# Amazon asks FAA for exemption for drones



## phrelin (Jan 18, 2007)

Several news stories are reporting Amazon has requested an exemption from the FAA rules against the commercial use of drones. This Forbes piece Six Things You Should Know About Amazon's Drones provides a pretty good overview including:



> Current FAA rules restrict commercial use of drones, and Amazon is seeking an exemption from those rules so the company can conduct additional research and development of their Prime Air concept. The company claims to have made rapid developments in its Prime Air program by testing their drones inside their research and development lab in Seattle. Now, the shopping giant wants the ability to safely innovate and to do, in their words "what thousands of hobbyists and manufacturers of model aircraft do every day."
> 
> ...The company has conducted rapid prototyping indoors (where the FAA does not control the airspace), but now they want to transition to testing outdoors. Doing so will allow them to evaluate how the drones will operate in more realistic, non-lab like conditions. However, once the company moves outside they will be subjected to the FAA's burdensome regulations which stifle innovation.
> 
> ...


Right now Amazon the company's Vancouver, B.C. tech operation develops tools and applications for Amazon engineers. Canada is as the article notes "hospitable to drone companies" and Vancouver is 145 miles from Seattle on I-5/99.

So this should be an interesting test of wills - Amazon v FAA


----------



## Drucifer (Feb 12, 2009)

Domino's did a fake ad for that concept a few months ago. That was follow by a real story that Amazon was looking at the idea. Guess the idea was given a go.

I hope they restrict them to only flying over roads. I don't care how the birds fly, they're not birds. They are a man made flying object and should be required to fly a flightpath.


----------



## SayWhat? (Jun 7, 2009)

I'm curious about range, payload, programming/control and cost.

I'm sure they're far more expensive than most people could pay, but I'd like to know how to tell them where to go, how to know when they're there and how to get them to return. I can get stuck in here for 10-15 days during flood season and it'd be slicker than snail snot to be able to send one out for the mail.


----------



## trh (Nov 3, 2007)

Drucifer said:


> Domino's did a fake ad for that concept a few months ago. That was follow by a real story that Amazon was looking at the idea. Guess the idea was given a go.
> 
> I hope they restrict them to only flying over roads. I don't care how the birds fly, they're not birds. They are a man made flying object and should be required to fly a flightpath.

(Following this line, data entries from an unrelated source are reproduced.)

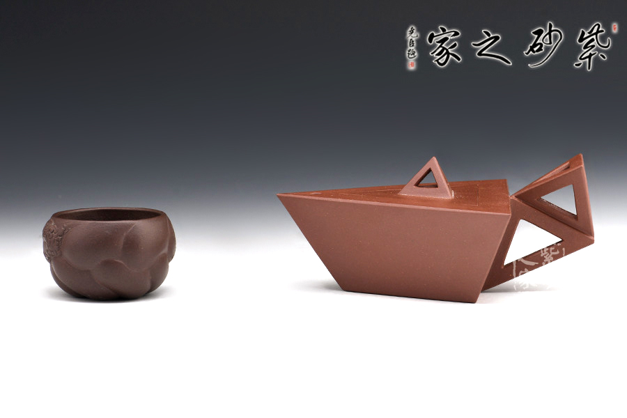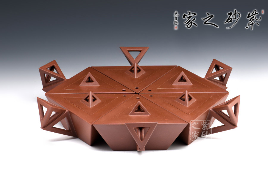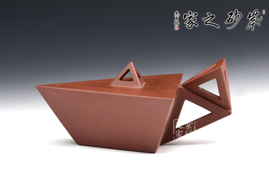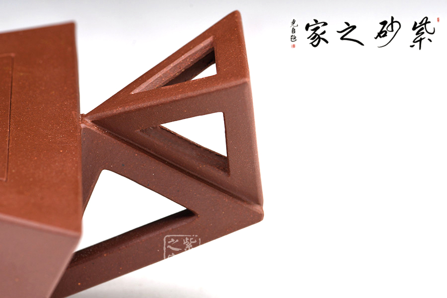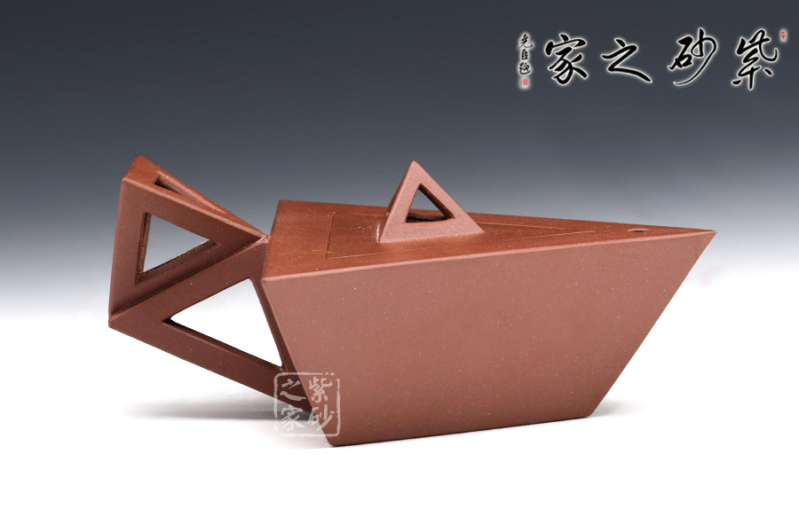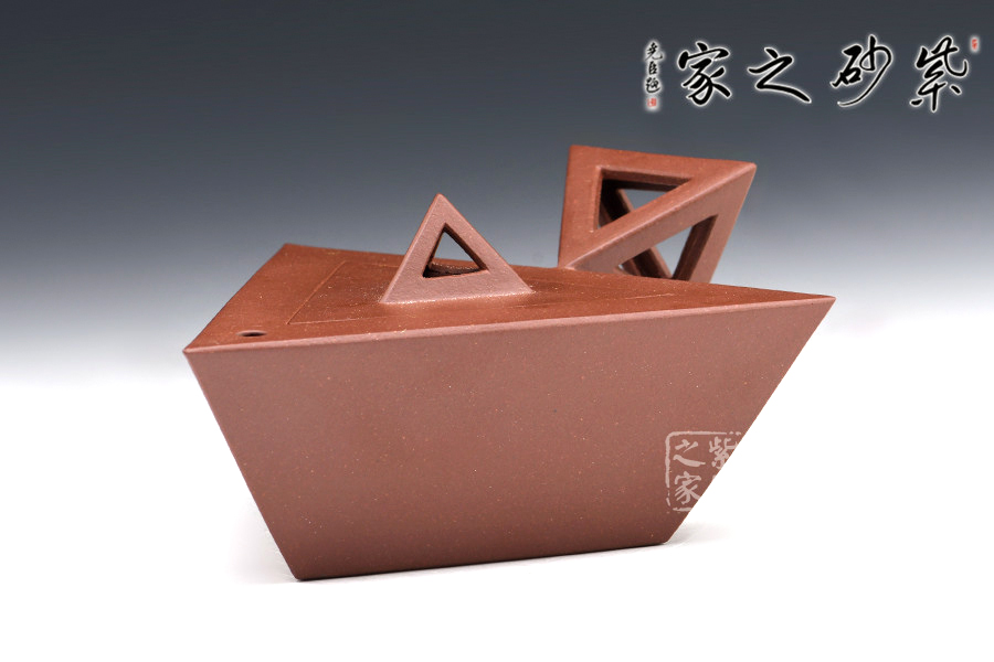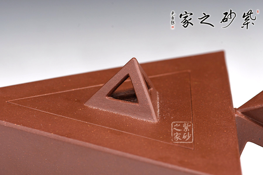 以三角形為元素。壺身采用大的等邊三角形設計而成,壺把是用一個等邊鏤空三角體和一個等腰三角形組合設計而成。壺鈕采用一個小的等邊鏤空三角體設計而成。壺鈕中間加了一個小圓球,增加了整個壺的生動和趣味性。
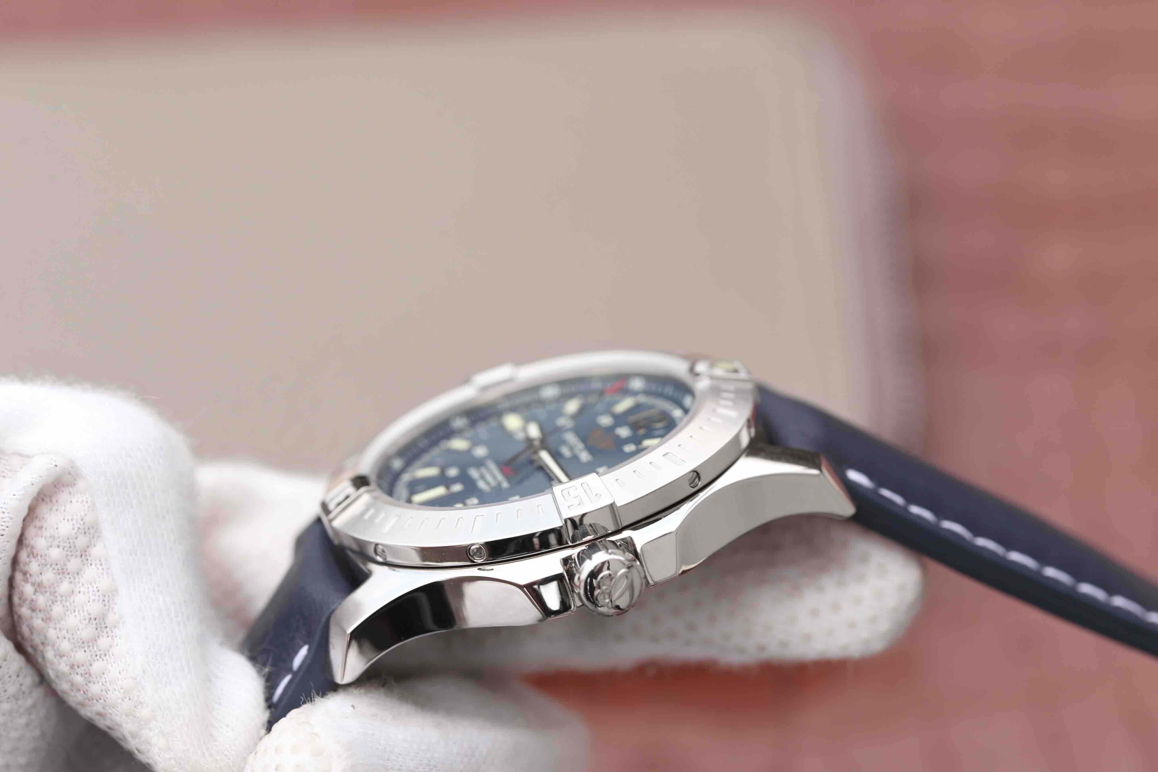 Синий кожаный ремешок, с простым (с помощью шипа) замком Breitling. Либо стальной браслет из сатинированной стали Professional III. |
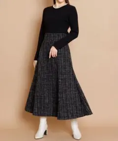 ふわっとした暖かな風合いの生地がウォーム感漂う、ロービング糸で編み上げたチェックフレアスカートです。
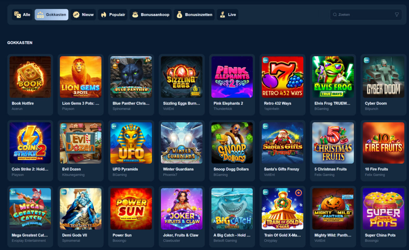 Daarnaast kan je ook filteren op categorie, echter zijn deze niet heel logisch en nagenoeg nutteloos op de bonus wagering na: Alle, Gokkasten, Nieuw, Popular NL, Bonus Buy NL, Bonus Wagering NL & Live.
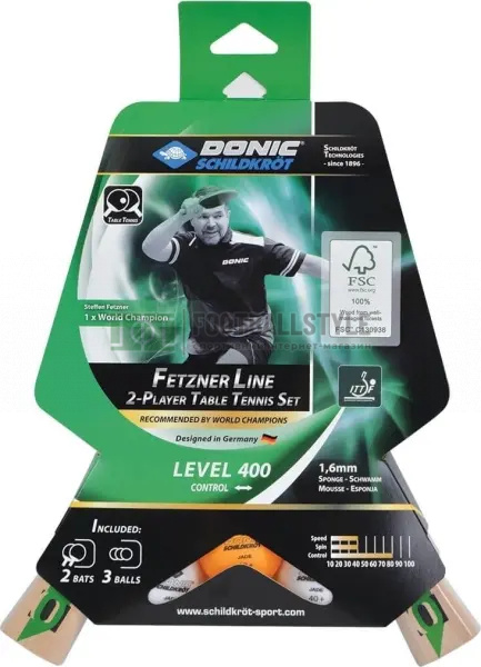 Набір для настільного тенісу Donic Fetzner 400 - це високоякісний набір із прийнятною якістю для розваги, а також для шкільних занять спортом. У набір входять 2 ракетки Fetzner 400 і 3 м'ячі Donic Jade. Схвалено ITTF (Міжнародною Федерацією настільного тенісу). Швидкість: 40. Обертання: 40. Контроль: 80. Товщина губки: 1,6 мм.
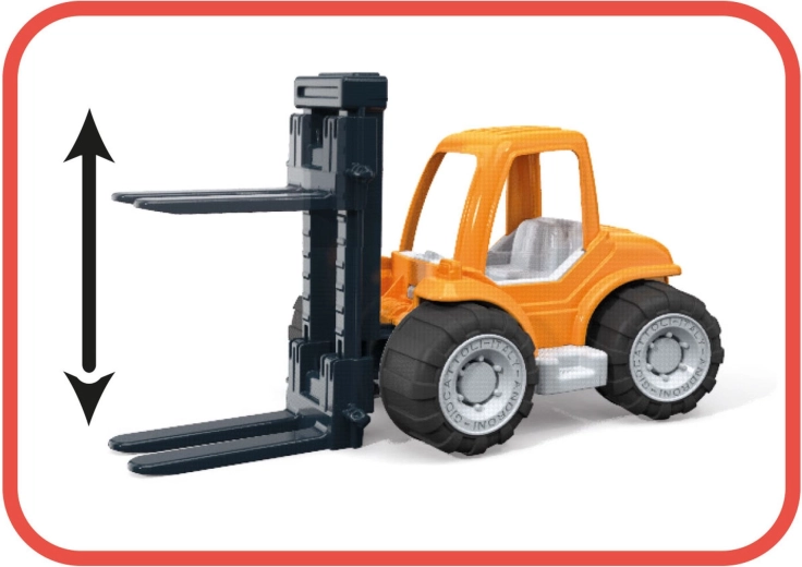 A mozgatható villák lehetővé teszik a gyerekeknek, hogy apró tárgyakat és a mellékelt blokkokat emeljék és szállítsák, fejlesztve ezzel a koordinációt és a finommotorikát.
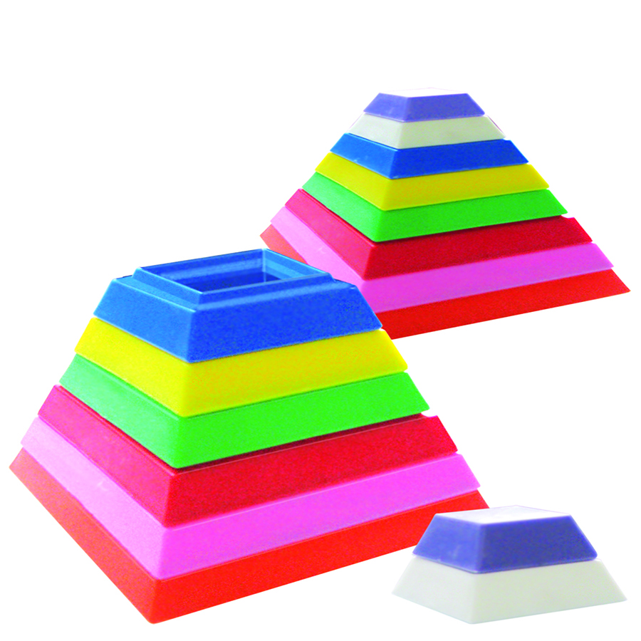 Juego apilable de brillantes colores fabricado en plástico 100% , 8 piezas encajables que se apilan en secuencia descendente, el diseño es seguro para niños pequeños colores ( naranja, rosa, blanco, amarillo, morado, verde, azul, rojo ) Tamaño: 14 x 14 x 15.5 cm edad: 2 a 8 años .
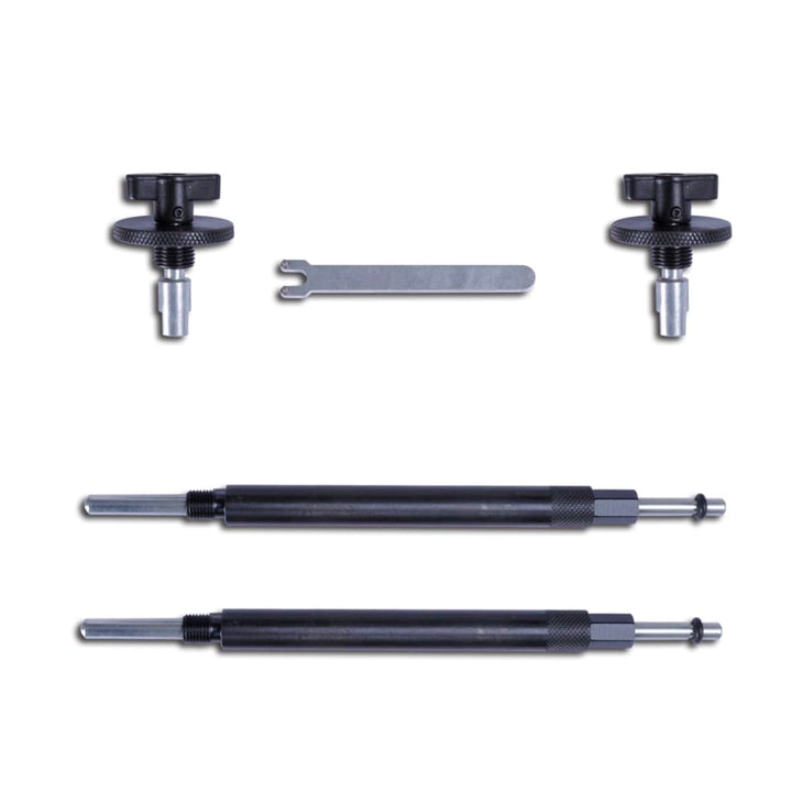 Setul complet include: 2x adaptor pentru înălțimea pistonului - Pereche OEM 1 860 992 000, 2x unelte de blocare a arborelui cu came- OEM 1 860 985 000 și 1x cheie de reglare a tensiunii-OEM 1 860 987 000.

airplanes don't fly paths that are over roads. Nor do satellites.


----------



## BubblePuppy (Nov 3, 2006)

trh said:


> airplanes don't fly paths that are over roads. Nor do satellites.


Many general aviation VFR private pilots do fly over and along roads and highways. There aren't any FAA rules prohibiting that.

Sent from my SGH-I317 using DBSTalk mobile app


----------



## Nick (Apr 23, 2002)

SayWhat? said:


> ... I can get stuck in *here* for 10-15 days during flood season and it'd be slicker than snail snot to be able to send one out for the mail.


Where is "here"? Post your location.


----------



## yosoyellobo (Nov 1, 2006)

Am I the only one who thinks this is a stupid idea? On the other hand if the duck people start shooting them down I might start watching Duck Dynasty.


----------



## trh (Nov 3, 2007)

I still don't understand the "FAA ban on the commercial use of drones."

I've seen a number of shows on TV where real estate agents hired companies to film their properties from quad-copter remote control devices. And I know of a couple of companies that also film yachts the same way. 

Are the quad copters not considered drones?


----------



## phrelin (Jan 18, 2007)

trh said:


> I still don't understand the "FAA ban on the commercial use of drones."
> 
> I've seen a number of shows on TV where real estate agents hired companies to film their properties from quad-copter remote control devices. And I know of a couple of companies that also film yachts the same way.
> 
> Are the quad copters not considered drones?


See the FAA website Fact Sheet:



> *Myth #2: Commercial UAS flights are OK if I'm over private property and stay below 400 feet.*
> 
> *Fact*-The FAA published a Federal Register notice in 2007 that clarified the agency's policy: You may not fly a UAS for commercial purposes by claiming that you're operating according to the Model Aircraft guidelines (below 400 feet, 3 miles from an airport, away from populated areas.) Commercial operations are only authorized on a case-by-case basis. A commercial flight requires a certified aircraft, a licensed pilot and operating approval. To date, only one operation has met these criteria, using Insitu's ScanEagle, and authorization was limited to the Arctic.( http://www.faa.gov/news/updates/?newsId=73981)
> 
> ...


----------



## Drucifer (Feb 12, 2009)

trh said:


> airplanes don't fly paths that are over roads. Nor do satellites.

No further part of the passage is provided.